Well, after another 6 hours, still, not one stutter of any sort. I'm starting to believe it.


----------



## usoslow

I'm the new guy who just found DBSTALK. I have been viewing the 522 with super results. I expected this box to work as advertised and it does all I want and much more. I will be signing up for the 622 soon and hope it works just as well as the 522. I retired early so I watch a lot of TV and should have noticed any problems by now and have not. Bring on the 622!.


----------



## James Long

:welcome_s usoslow
I believe you are going to like both of your x22s.


----------



## Kevin Brown

2.91 *does* seem better for video and audio dropouts. I just watched 3 hrs of material DVR'ed today, and I only remember one of the squeak/squeel type defects.


----------



## blabber

I like the "Skipped Events Are Hidden" sign, and really like the renaming/edit name feature! :jump3:


----------



## mplsjeffm

the skip forward and skip back works good as far as video but the audio takes time to catch up


----------



## jessshaun

since my 625 updated to 2.91, I have _still_ not had 1 problem with the skip forward/back buttons, and I simply LOVE the added features.

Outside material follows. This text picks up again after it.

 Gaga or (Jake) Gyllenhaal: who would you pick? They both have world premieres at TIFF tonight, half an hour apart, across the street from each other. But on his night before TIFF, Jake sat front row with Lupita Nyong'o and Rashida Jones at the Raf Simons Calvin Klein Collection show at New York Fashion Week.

The only thing I HAVE noticed was a new problem with timers. I had a timer set to stop 30 minutes late the other day, and it did not record the extra 30 minutes. It will if I set a manual timer, but I have been having problems with the reciever recording the extra time on alot of my timers. No problem with timers that were set before the update, but any timers set after the update seem to have this problem. Odd...


----------



## olguy

jessshaun said:


> since my 625 updated to 2.91, I have _still_ not had 1 problem with the skip forward/back buttons, and I simply LOVE the added features.
> 
> The only thing I HAVE noticed was a new problem with timers. I had a timer set to stop 30 minutes late the other day, and it did not record the extra 30 minutes. It will if I set a manual timer, but I have been having problems with the reciever recording the extra time on alot of my timers. No problem with timers that were set before the update, but any timers set after the update seem to have this problem. Odd...

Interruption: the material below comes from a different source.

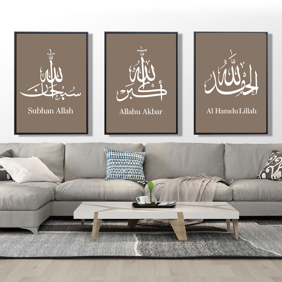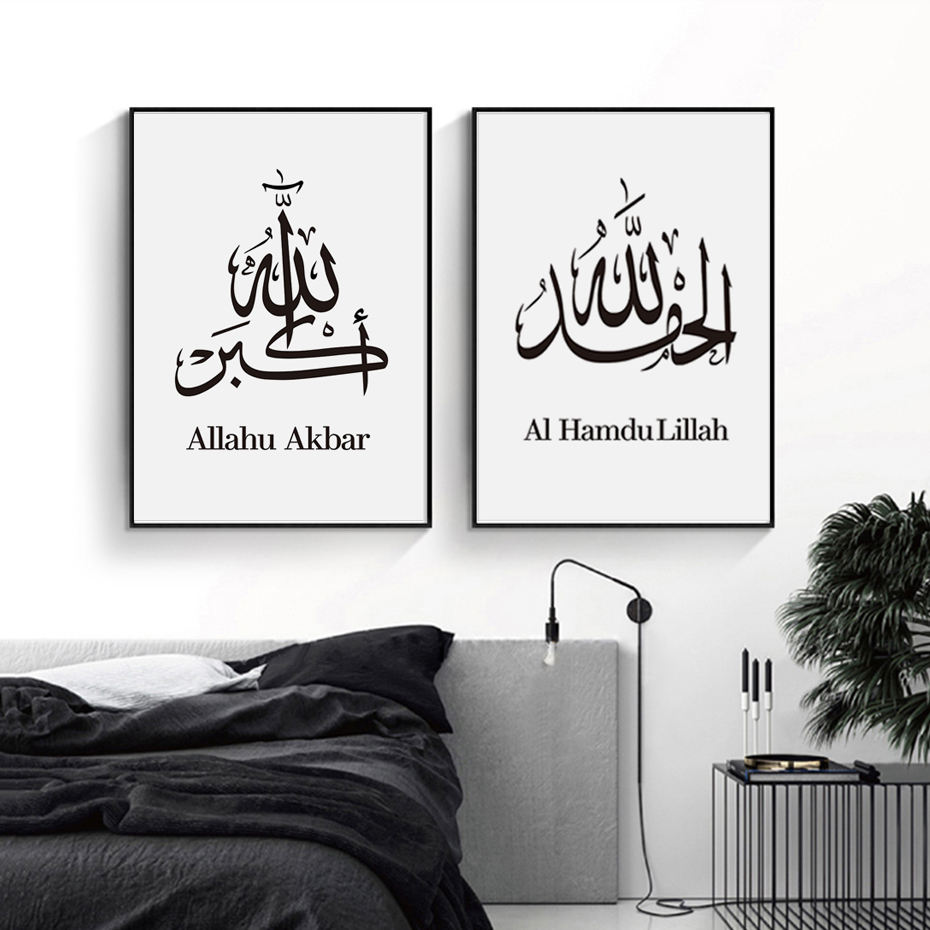 Stampa su Tela di Calligrafia Araba in Bianco e Nero, Quadro Islamico per Soggiorno

I set a timer back when I got the 625 in December for a 1 hour program. Checked the listing this am and the thing had recorded 2 hours. The program was only 1 hour long, as usual.


----------



## blabber

Oh, no!! A new problem cropped up over the weekend. I can't join recordings in progress any more without destroying them. Last night it was recording the news, I joined it, and first it wouldn't let me skip back to see what I missed, and then later after I went back to my other recorded show and waited for the news to end, I went back in and it showed 0:00 time for the news. I tried to play it back, but it was gone. This has happened to three of my recordings. 

Also, if using P-I-P, if I jump to the other screen and try to skip back, the same thing happens, regardless of if it was a scheduled recording or live buffer. 

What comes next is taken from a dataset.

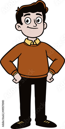 Fototapeta premium Cartoon man in brown sweater with black pants and a smile.

Not good. :crying: Anyone else experienced this on their 522s?

Edit: Also, sometimes choosing programs off the grid sends me into a silent and dark screen, no pic, no sound. This all started happening after the upgrade.


----------



## Kevin Brown

That happens even if you pick "start over" from the DVR button menu?


----------



## blabber

Kevin Brown said:


> That happens even if you pick "start over" from the DVR button menu?


Yup, happens from both "start over" and "resume". :scratch:


----------



## renelicious

I've had a new problem since 2.91. I can't get my 625 to record anything to TV1. If I schedule two things in the same time slot, it brings up the message about fixing the conflict and then it fixes the conflict by skipping one of the shows.

Of course it used to just move it to the other tuner, now it just skips, I can't figure out anything to get it to use the other tuner. Anyone else having this problem?


----------



## phat_b

Did you recently change your record plus tuner preference to 1? If not then this is probably a result of them trying to fix the old scheduling bug (trying, and as usual creating a new problem).



renelicious said:


> I've had a new problem since 2.91. I can't get my 625 to record anything to TV1. If I schedule two things in the same time slot, it brings up the message about fixing the conflict and then it fixes the conflict by skipping one of the shows.
> 
> Of course it used to just move it to the other tuner, now it just skips, I can't figure out anything to get it to use the other tuner. Anyone else having this problem?


----------



## Kevin Brown

Man, so far I haven't had any timer problems. (Knock on wood.) Yesterday I had timers going for 2 shows at the same time during the day. Got both shows.

But the problems that y'all are seeing, really makes me wonder if they beta site these software releases at all...


----------



## blabber

It has been running okay for a few days now, and the problems I had over the weekend haven't yet resurfaced. 

:sunsmile:


----------



## helmet

I've been noticing the skip forward/back problems for what seems like longer than 2.91 has been out. At least a month it seems. I was at 2.90 before.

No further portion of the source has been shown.